▶ **Your goal**
The lines to copy run from the one containing "4.2. BnaC09.OGT Clone" to the last line of the entries; output those lines exactly and only them, without pictures.

▶ **Information**
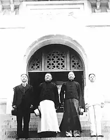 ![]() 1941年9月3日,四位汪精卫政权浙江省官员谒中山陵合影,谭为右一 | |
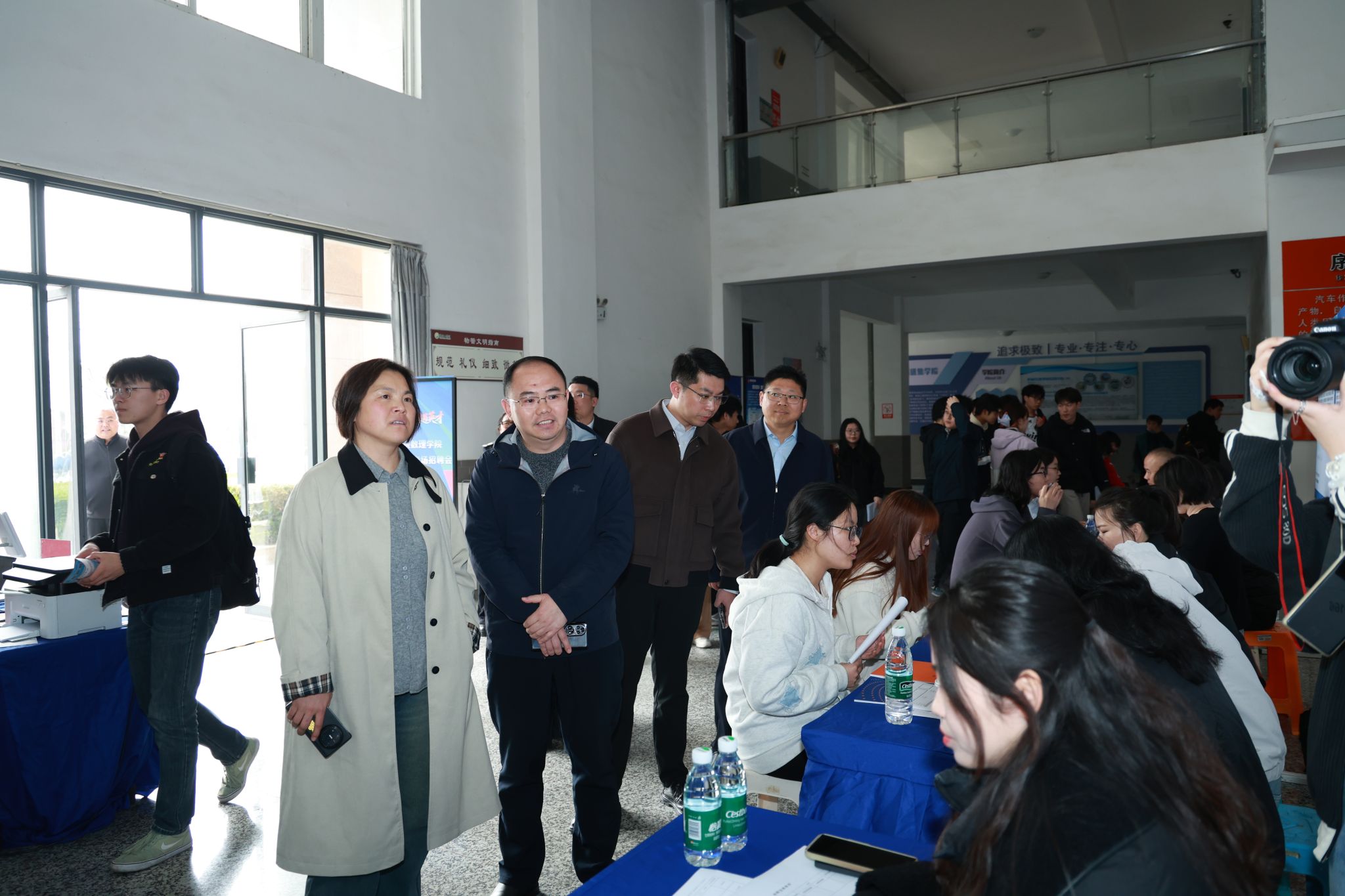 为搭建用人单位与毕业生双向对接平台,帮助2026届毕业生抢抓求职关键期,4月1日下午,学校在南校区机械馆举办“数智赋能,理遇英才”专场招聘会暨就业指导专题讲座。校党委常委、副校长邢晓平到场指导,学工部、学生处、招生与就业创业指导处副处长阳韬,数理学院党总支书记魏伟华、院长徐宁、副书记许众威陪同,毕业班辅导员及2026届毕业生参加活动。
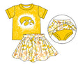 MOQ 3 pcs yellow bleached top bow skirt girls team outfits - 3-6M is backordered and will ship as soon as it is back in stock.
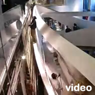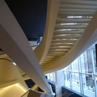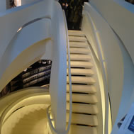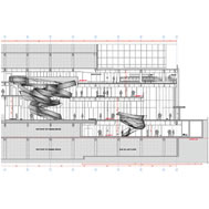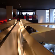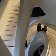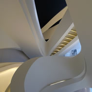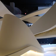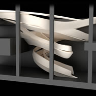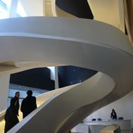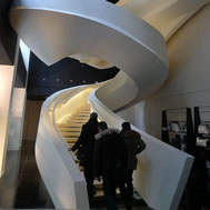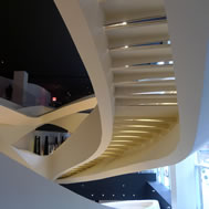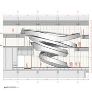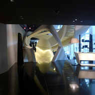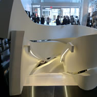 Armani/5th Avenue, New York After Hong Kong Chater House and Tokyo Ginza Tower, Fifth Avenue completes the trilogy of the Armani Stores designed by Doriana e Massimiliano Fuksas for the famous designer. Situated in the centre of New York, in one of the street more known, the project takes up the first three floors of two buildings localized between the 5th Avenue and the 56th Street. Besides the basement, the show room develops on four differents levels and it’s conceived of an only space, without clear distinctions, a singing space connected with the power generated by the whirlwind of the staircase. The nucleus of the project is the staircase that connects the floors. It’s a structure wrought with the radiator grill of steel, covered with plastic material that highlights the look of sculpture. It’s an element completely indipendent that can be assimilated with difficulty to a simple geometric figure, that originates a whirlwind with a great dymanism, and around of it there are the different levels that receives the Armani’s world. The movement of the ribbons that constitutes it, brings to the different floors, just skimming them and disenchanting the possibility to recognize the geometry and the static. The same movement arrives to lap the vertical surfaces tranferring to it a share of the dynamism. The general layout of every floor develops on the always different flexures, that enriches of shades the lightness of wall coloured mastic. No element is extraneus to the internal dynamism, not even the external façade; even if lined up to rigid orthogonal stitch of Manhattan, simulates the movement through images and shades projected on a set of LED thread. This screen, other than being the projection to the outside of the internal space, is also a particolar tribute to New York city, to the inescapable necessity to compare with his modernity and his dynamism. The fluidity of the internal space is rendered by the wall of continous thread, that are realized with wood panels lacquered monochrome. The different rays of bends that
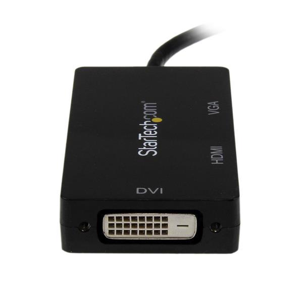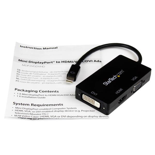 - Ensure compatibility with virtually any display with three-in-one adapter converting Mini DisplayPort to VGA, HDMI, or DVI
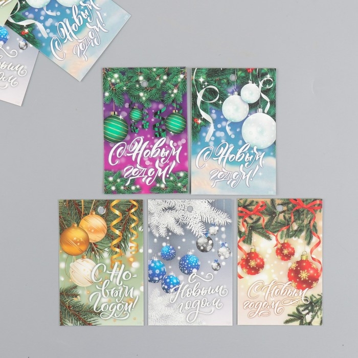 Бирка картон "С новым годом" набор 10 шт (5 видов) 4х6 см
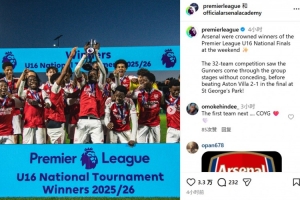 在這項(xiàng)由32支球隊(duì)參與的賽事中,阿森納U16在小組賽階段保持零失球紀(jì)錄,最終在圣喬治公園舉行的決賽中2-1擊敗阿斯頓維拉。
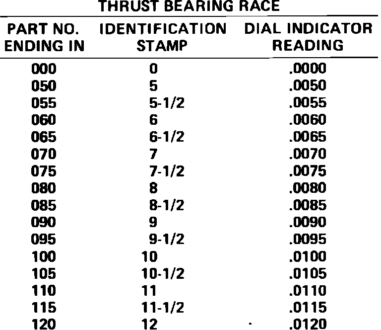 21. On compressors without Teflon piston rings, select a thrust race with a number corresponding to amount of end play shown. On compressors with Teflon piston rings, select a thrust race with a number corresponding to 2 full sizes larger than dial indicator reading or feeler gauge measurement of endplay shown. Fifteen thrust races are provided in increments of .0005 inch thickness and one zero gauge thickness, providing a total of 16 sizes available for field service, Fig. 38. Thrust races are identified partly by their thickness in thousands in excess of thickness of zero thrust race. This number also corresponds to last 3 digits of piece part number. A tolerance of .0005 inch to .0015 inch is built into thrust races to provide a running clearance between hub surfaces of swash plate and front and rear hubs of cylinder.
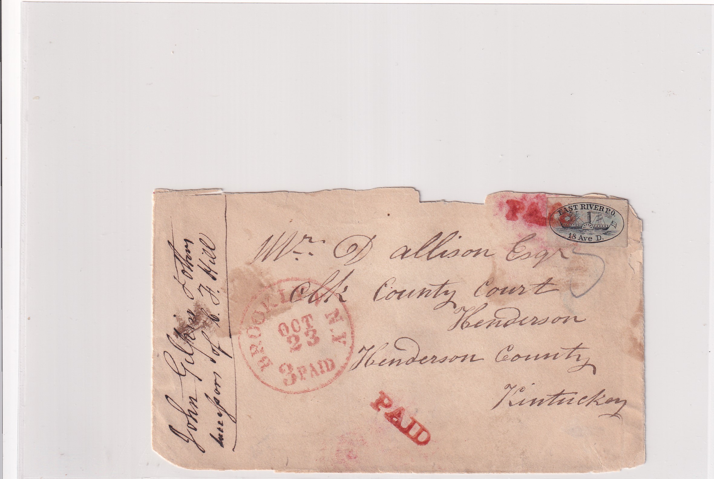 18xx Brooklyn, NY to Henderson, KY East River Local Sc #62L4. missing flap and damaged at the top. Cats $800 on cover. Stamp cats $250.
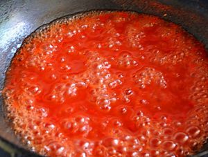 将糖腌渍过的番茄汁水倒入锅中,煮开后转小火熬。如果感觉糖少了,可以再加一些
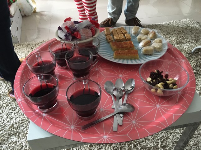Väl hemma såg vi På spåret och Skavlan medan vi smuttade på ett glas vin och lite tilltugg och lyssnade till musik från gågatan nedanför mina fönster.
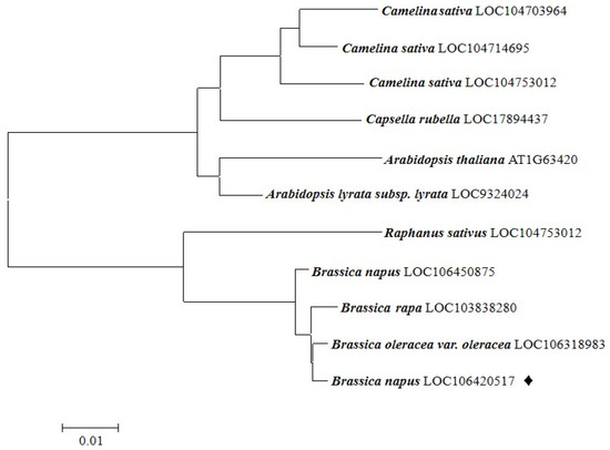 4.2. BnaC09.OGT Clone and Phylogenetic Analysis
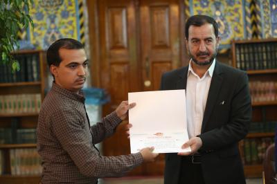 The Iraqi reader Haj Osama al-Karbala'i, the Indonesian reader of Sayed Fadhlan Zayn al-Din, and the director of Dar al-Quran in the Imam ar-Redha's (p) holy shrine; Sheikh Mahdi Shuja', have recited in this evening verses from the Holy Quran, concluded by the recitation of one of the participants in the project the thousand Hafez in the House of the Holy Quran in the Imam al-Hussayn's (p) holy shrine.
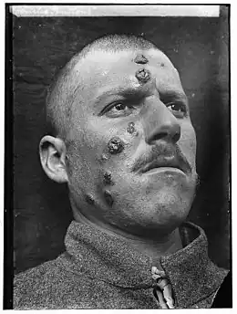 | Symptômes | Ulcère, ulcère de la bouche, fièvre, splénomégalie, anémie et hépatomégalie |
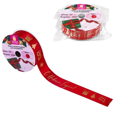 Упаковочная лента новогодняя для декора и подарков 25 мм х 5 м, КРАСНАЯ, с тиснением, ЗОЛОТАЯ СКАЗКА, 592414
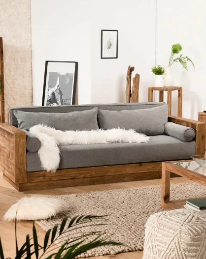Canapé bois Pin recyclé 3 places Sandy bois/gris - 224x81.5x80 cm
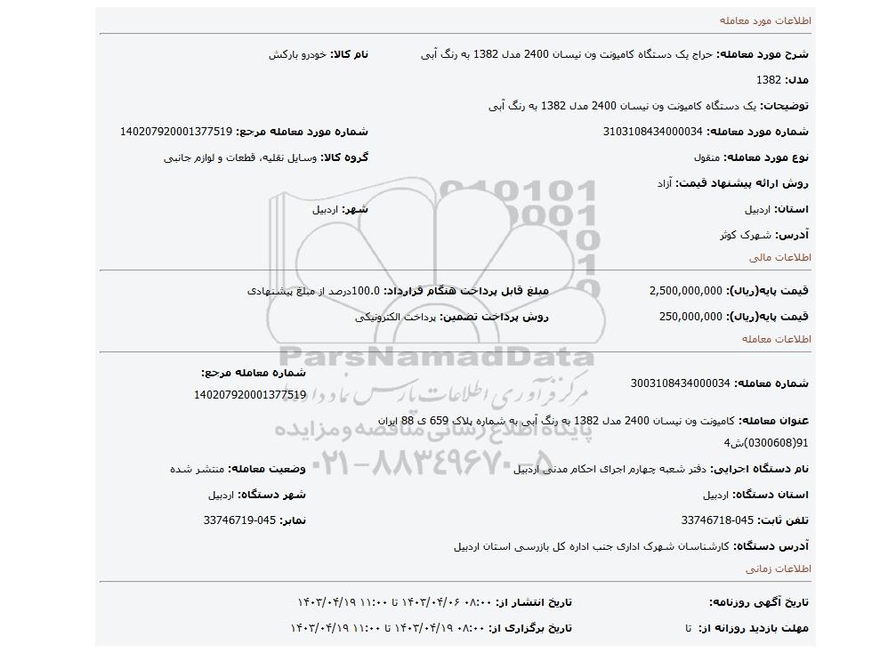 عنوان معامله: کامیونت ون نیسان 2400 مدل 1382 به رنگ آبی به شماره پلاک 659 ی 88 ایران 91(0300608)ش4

▶ **Result below**
 4.2. BnaC09.OGT Clone and Phylogenetic Analysis
 The Iraqi reader Haj Osama al-Karbala'i, the Indonesian reader of Sayed Fadhlan Zayn al-Din, and the director of Dar al-Quran in the Imam ar-Redha's (p) holy shrine; Sheikh Mahdi Shuja', have recited in this evening verses from the Holy Quran, concluded by the recitation of one of the participants in the project the thousand Hafez in the House of the Holy Quran in the Imam al-Hussayn's (p) holy shrine.
 | Symptômes | Ulcère, ulcère de la bouche, fièvre, splénomégalie, anémie et hépatomégalie |
 Упаковочная лента новогодняя для декора и подарков 25 мм х 5 м, КРАСНАЯ, с тиснением, ЗОЛОТАЯ СКАЗКА, 592414
Canapé bois Pin recyclé 3 places Sandy bois/gris - 224x81.5x80 cm
 عنوان معامله: کامیونت ون نیسان 2400 مدل 1382 به رنگ آبی به شماره پلاک 659 ی 88 ایران 91(0300608)ش4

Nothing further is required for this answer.